Record excerpts: Begin

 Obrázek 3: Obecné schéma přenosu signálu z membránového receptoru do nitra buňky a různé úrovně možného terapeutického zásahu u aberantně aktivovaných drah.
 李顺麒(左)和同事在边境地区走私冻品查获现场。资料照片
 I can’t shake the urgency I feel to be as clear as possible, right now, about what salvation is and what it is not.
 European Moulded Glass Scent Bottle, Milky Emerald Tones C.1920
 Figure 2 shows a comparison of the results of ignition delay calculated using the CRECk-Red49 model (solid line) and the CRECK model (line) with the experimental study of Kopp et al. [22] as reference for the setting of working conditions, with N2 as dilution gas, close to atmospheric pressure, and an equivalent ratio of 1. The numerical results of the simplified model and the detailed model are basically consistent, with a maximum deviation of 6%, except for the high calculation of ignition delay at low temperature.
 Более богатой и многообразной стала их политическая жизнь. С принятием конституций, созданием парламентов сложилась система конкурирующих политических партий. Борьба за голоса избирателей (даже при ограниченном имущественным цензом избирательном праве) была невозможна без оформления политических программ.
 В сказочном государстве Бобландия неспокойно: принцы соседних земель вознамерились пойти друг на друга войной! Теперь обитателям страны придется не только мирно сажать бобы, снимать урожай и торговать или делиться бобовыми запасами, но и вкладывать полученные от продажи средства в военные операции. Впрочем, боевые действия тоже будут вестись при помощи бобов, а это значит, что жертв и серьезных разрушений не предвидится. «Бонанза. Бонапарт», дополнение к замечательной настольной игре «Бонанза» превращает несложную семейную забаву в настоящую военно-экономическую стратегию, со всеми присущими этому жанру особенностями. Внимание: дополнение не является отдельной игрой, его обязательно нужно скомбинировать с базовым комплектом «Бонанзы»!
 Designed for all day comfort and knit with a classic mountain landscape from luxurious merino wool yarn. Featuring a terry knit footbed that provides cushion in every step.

Record excerpts: End
Record excerpts: Begin

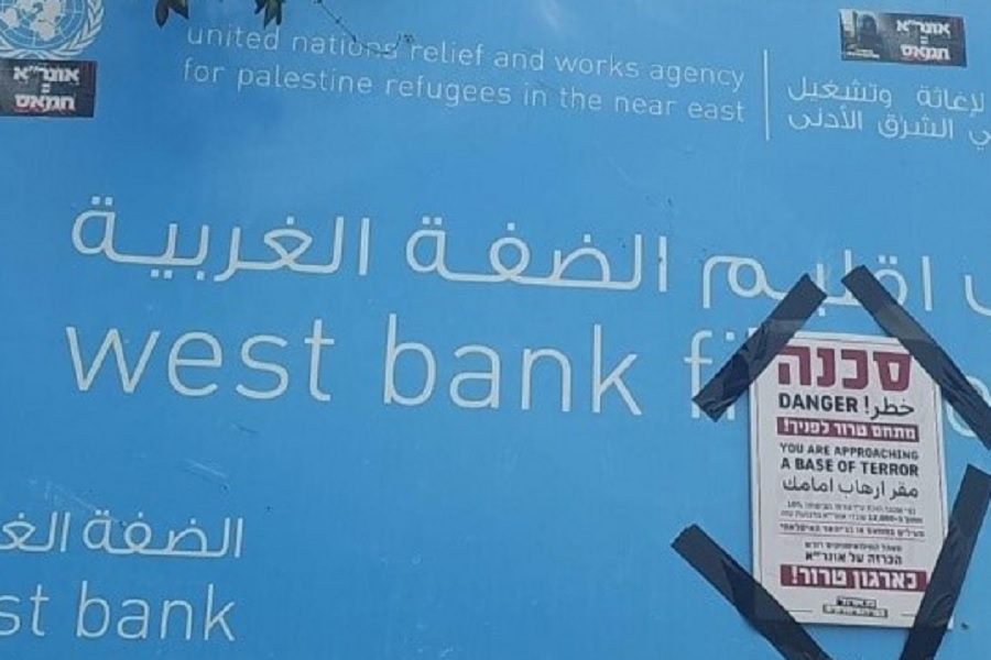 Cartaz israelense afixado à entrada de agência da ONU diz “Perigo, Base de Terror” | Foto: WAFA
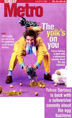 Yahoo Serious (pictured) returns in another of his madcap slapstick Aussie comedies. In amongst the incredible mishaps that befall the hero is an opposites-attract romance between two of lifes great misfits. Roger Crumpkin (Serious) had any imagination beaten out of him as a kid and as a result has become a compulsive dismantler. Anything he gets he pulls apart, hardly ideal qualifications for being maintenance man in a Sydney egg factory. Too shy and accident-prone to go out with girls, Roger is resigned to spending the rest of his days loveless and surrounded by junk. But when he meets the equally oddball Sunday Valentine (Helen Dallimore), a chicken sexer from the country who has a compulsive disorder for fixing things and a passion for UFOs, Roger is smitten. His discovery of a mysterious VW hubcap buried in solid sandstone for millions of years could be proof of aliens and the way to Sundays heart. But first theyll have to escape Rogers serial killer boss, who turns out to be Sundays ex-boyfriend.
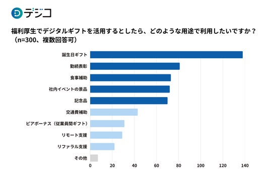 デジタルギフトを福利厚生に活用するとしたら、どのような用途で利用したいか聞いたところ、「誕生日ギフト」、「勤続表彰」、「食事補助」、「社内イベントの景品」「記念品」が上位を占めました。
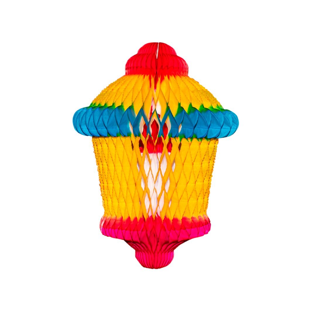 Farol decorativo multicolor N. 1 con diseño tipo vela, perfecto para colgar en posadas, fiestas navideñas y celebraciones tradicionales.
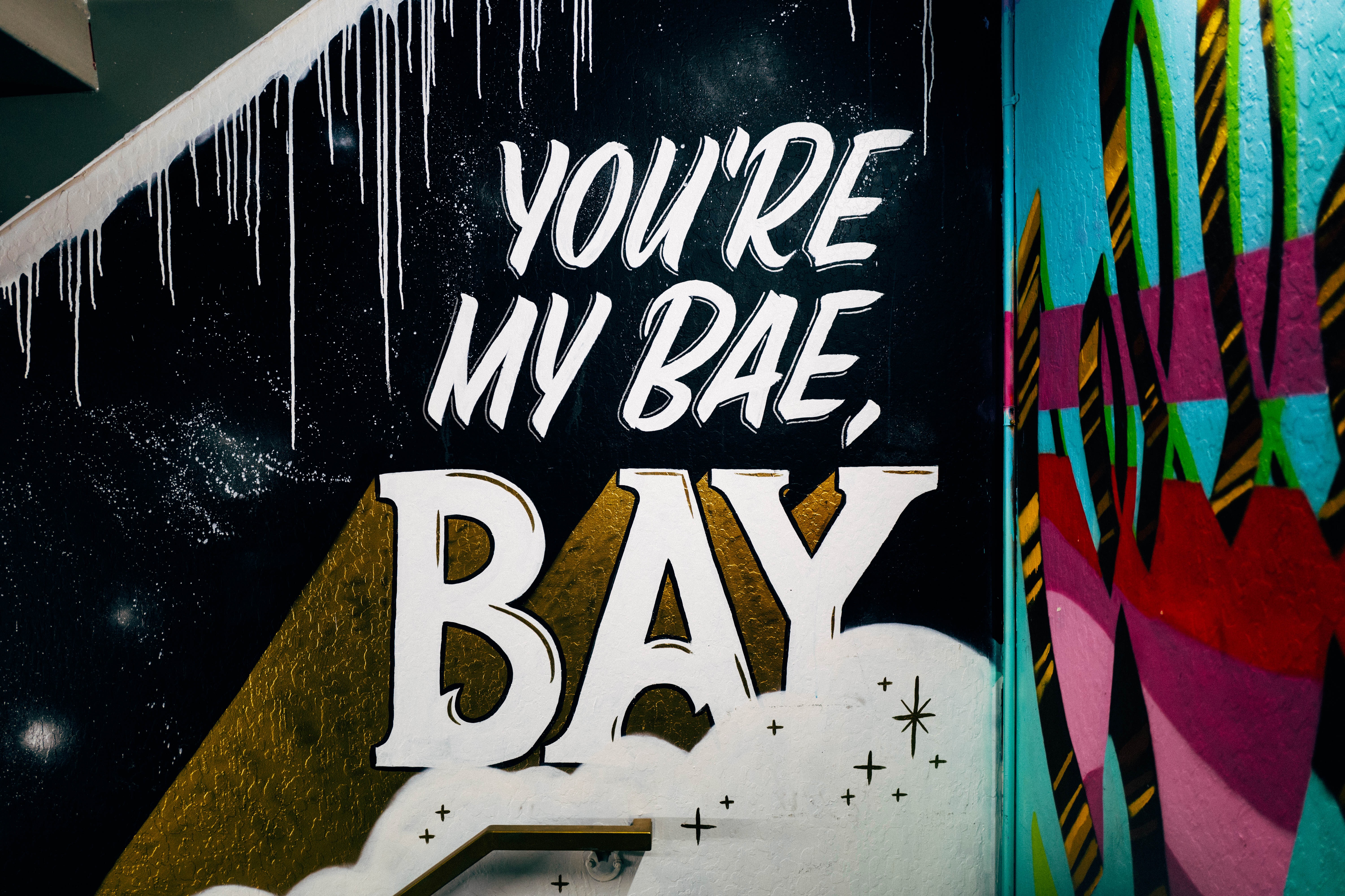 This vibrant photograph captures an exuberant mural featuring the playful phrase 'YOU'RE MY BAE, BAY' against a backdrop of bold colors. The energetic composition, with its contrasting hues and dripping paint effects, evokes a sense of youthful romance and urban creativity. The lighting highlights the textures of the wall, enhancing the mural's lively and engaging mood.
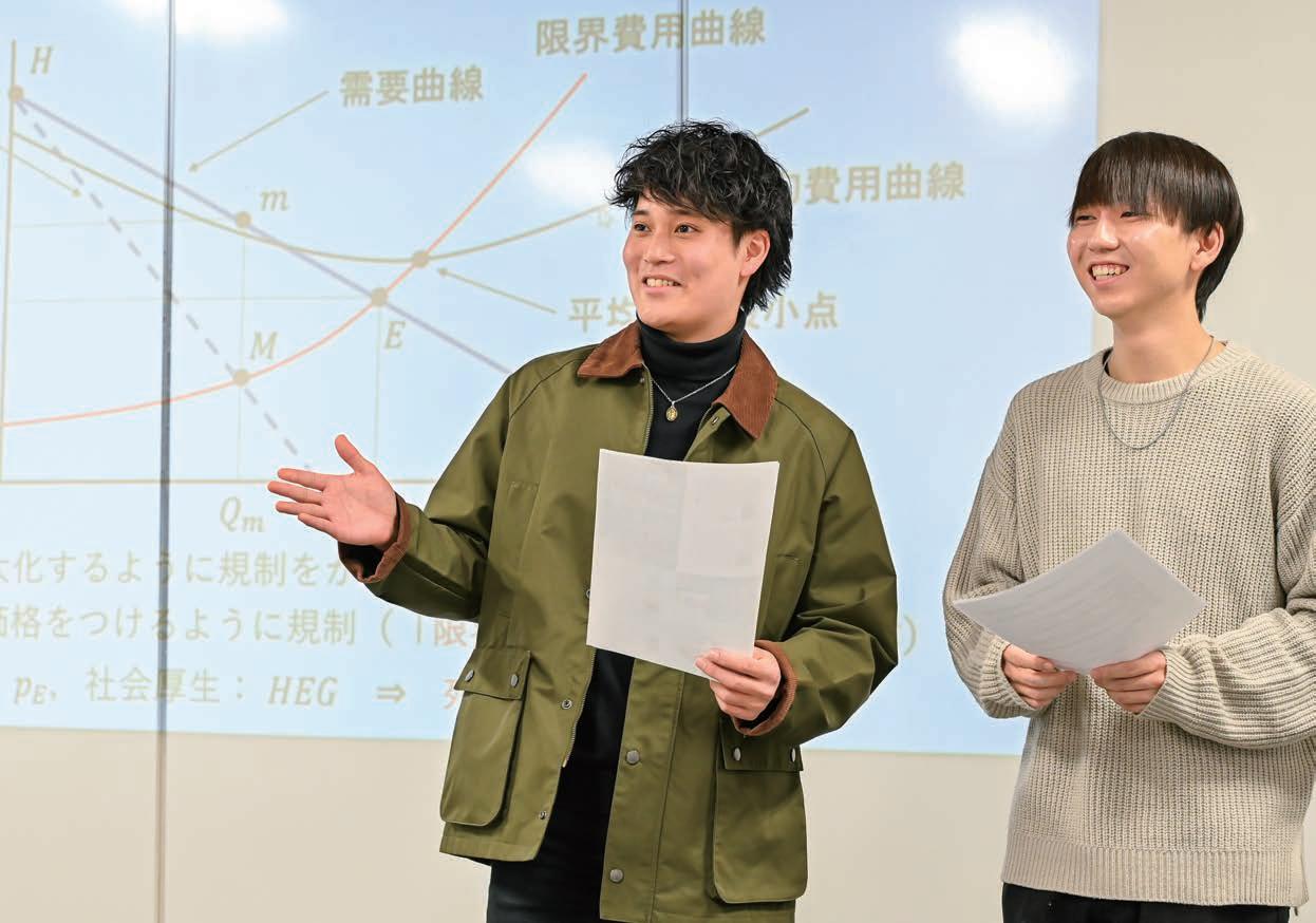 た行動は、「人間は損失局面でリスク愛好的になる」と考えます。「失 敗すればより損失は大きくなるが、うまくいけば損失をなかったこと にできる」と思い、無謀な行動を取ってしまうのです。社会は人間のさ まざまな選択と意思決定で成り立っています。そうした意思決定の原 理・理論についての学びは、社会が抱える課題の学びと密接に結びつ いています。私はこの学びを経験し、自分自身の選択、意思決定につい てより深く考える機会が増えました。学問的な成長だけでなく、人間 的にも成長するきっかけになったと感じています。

Record excerpts: End

- Exercise details
Beginning with the line above that contains "European Moulded Glass", copy each line exactly up to and including the line that contains "Figure 2 shows", and go no further.

- Task result
 European Moulded Glass Scent Bottle, Milky Emerald Tones C.1920
 Figure 2 shows a comparison of the results of ignition delay calculated using the CRECk-Red49 model (solid line) and the CRECK model (line) with the experimental study of Kopp et al. [22] as reference for the setting of working conditions, with N2 as dilution gas, close to atmospheric pressure, and an equivalent ratio of 1. The numerical results of the simplified model and the detailed model are basically consistent, with a maximum deviation of 6%, except for the high calculation of ignition delay at low temperature.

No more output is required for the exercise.